Yeah, Hollywood is good at what it does. The creative elite — through their own wit, cunning and extraordinary good luck — get to the top and determine the entertainment options for the entire world. And because they control manufacturing and distribution, nobody has been able to topple them. No problem. Their entertainment is very entertaining.

But wait. Cheap digital tools and the internet have opened up manufacturing and distribution to almost everyone. (See YouTube for the evidence. ) Oh, sure, 99% of the stuff sucks, but if you put a million monkeys at a million videocams…. The genius of YouTube is that it taps the creative genius of the entire modern world, and Hollywood simply can’t compete with that. In fact, unlike Waterworld, Gigli, Heaven’s Gate, Bonfire of the Vanities and Ishtar, even the soaring terribleness of user generated video can be irresistible.

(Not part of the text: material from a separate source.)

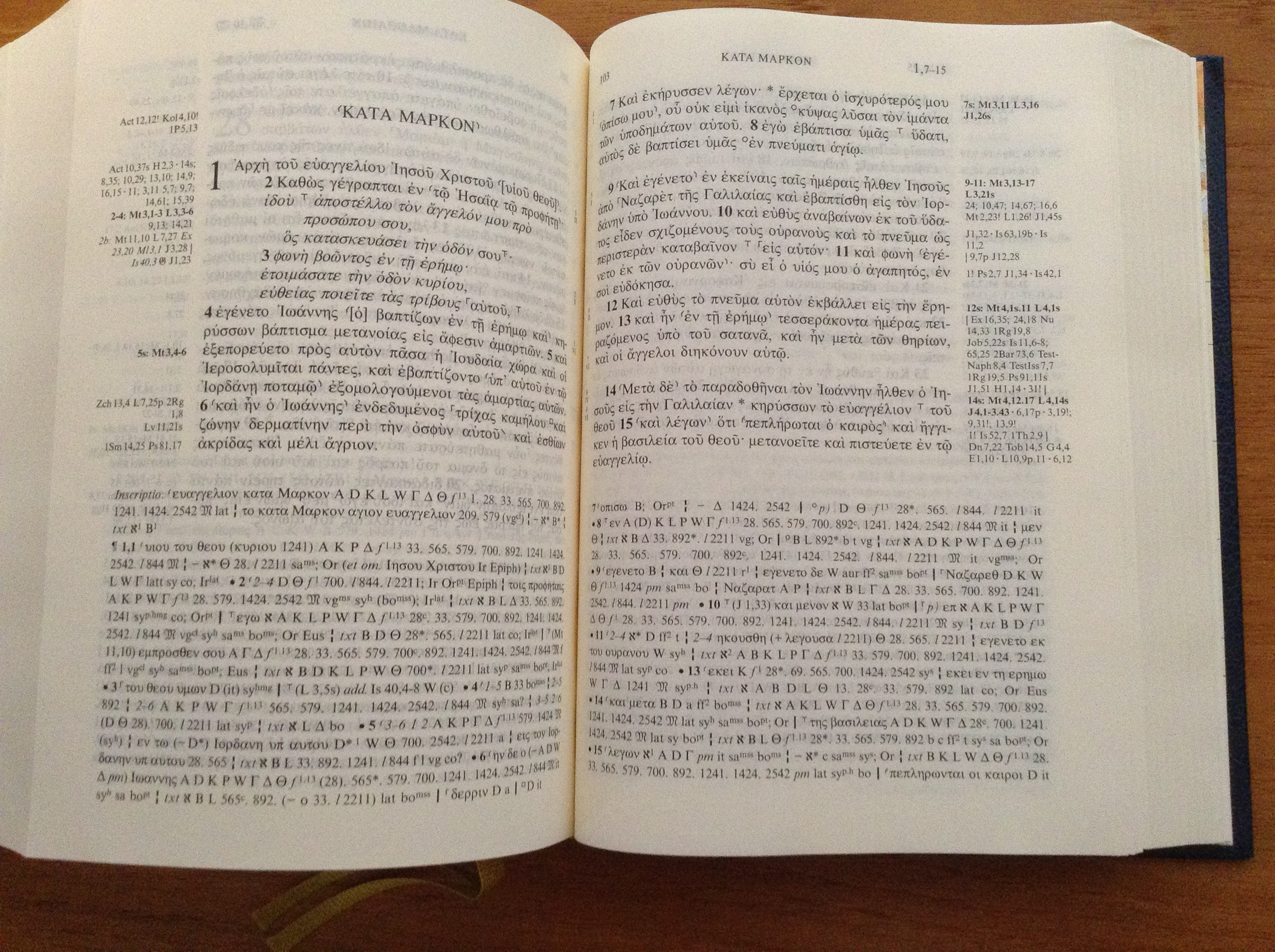 Look at that! It’s an all-Greek Bible. Just like the one Jesus carried around! Okay, not quite, but it is very good to see the Greek Septuagint and the Greek New Testament together under one cover. Augustine would be pleased: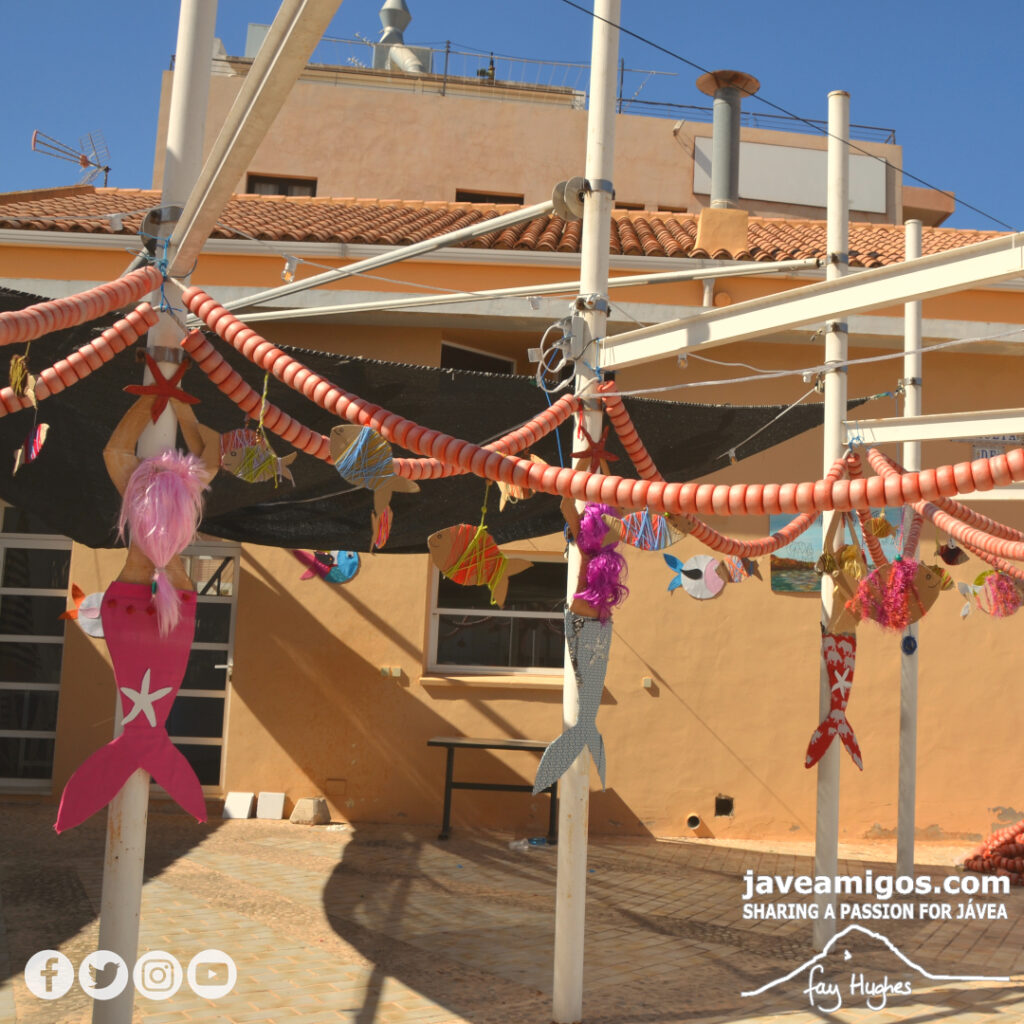 In the square of the Casa del Pescador, La Penyeta Roja has created a colourful reef of mermaids that seem to support the colonnade of the square. There are also fish and turtles made with cloth, cardboard, wool, string and beads, forming a fun decoration that is a true reflection of what the penya itself is. La Penyeta is always characterized by beautifying the environment in which it places its casal each year and contributing to the fiesta, not only with its participation as a group, but with its creativity.

I was just writing my spiel for Jeff Pulver’s Video on the Net conference next week in Boston and I took to calling our television “televox.” Probably won’t stick. But it’s fun throwing things against the wall and watching them go splat.

Here are my notes for that spiel. If you have any comments before I spin it Tuesday morning, please leave them here.

: What do you call a herd of monkeys, then? A meetup of video bloggers at WKRN in Nashville. Damn, wish I’d been there; sounds like illuminating fun. LostRemote has many posts.

: Speaking of video making some people feel like monkeys: I’ve been crazed the last few days writing aforesaid spiel, and so I haven’t been around here to enjoy the hubub over the outing — well, just a toe out under the closet door — of Lonelygirl15. Whats’ wonderful is to watch the creativity spawned around this: art as a conversation. See, for example: the LonelyGirl song; the LonelyGirl press conference; the kinda scary jilted LonelyGirl LonelyGuy; and, just to make Garfield happy, a LonelyGirl15 video by MonkeyFemme.

  • “MonkeyVision”?
    That’s worse than “Pajamas Media.”

  • In a way, it’s stupid and sad to slap a label on anything. Labels are usually reductive, mainly the crutch of critics who need to pigeonhole something in order to discuss it properly. Labels are also the tools of sales reps who, unable to sell something on its own merits, use the labels to package and market. Once things are labeled, they become comodified, and that usually spells the end for the most exciting innovation.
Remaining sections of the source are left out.